Which brings us to a new ABC News/Wall Street Journal poll released Monday indicating that 50% of Americans now believe the country is headed in the right direction, versus just 8% in October, before the presidential election and three months before Barack Obama took office. Additionally, the Consumer Confidence Index released Tuesday showed a significant increase to 39.2% in March vs. 26.9% in February. Throw in Obama's approval rating, which hovers around 65%, and it's a pretty safe bet that Americans are starting to feel much better about the nation's leadership and the overall direction of the economy and the country.

When consumers start feeling better about things, they spend. It starts with little things like clothes, toys, books, etc. They take extra trips to the mall. Then they slowly return to big-ticket items. They buy electronics, cars, houses, take vacations. And when they spend, it fattens corporate earnings. And that leads to job growth, reinvestment and spending on capital improvements. Pretty soon, recession turns to prosperity. Of course, I'm over simplifying, and an economic recovery can take a long while to achieve any appreciable measure of growth. But all signs point to a bottoming, and that would mean the crawl back upward begins.

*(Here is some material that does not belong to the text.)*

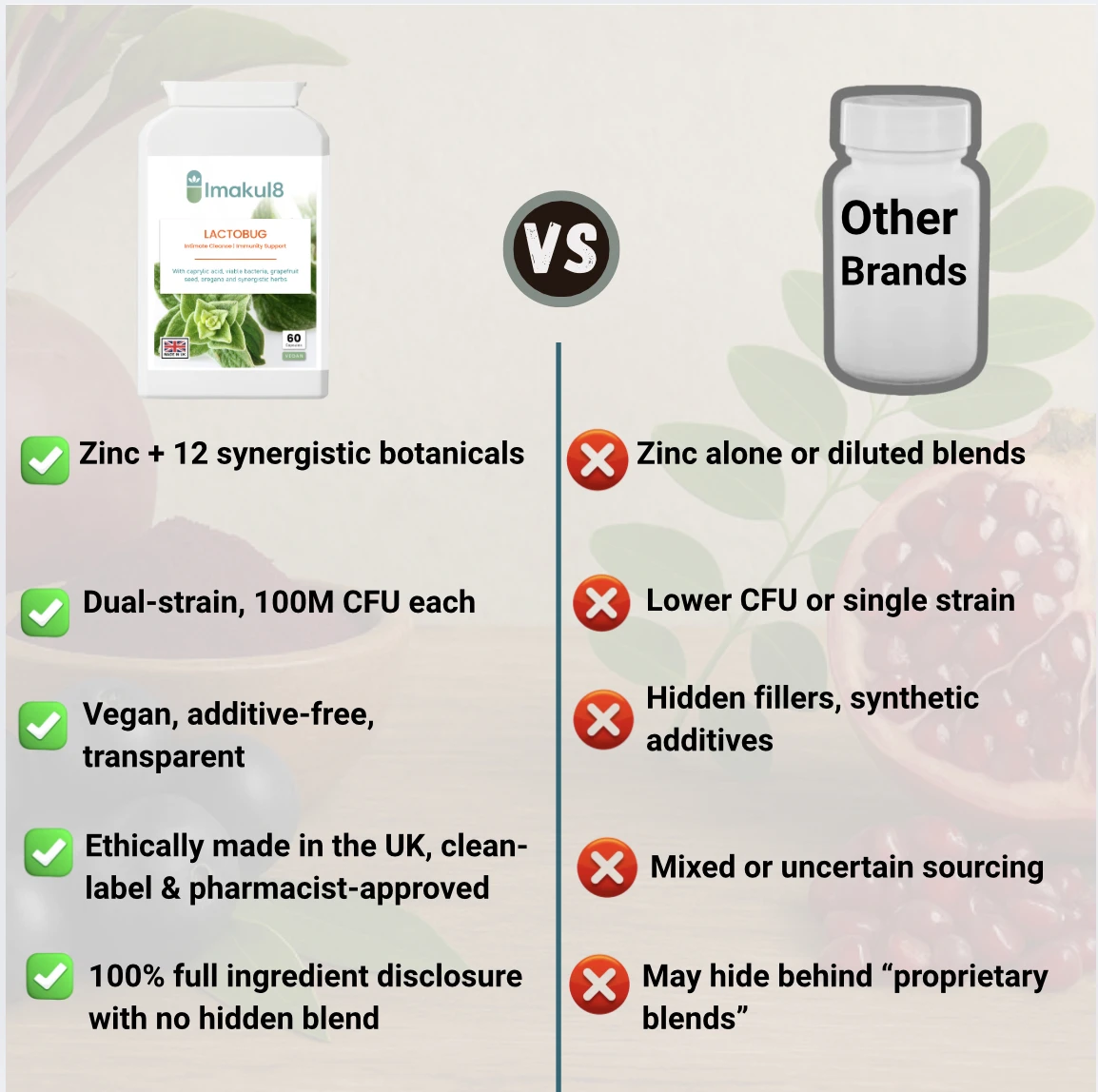 Designed to be taken alongside a low-sugar, low-yeast lifestyle, LACTOBUG™ provides a harmonised approach to internal comfort and balance.

Whether we experience a V, U or L-shaped recovery is anyone's guess. But it would appear that a recovery, however slow, is at least underway.

Obama's critics can bark as loudly as they wish and continue playing the partisan rhetoric game, but the simple truth is that his first 100 days have achieved major progress in turning around the economy, restoring consumer confidence, and curbing the hemorrhaging in both the banking and housing crises. Not bad for 100 days.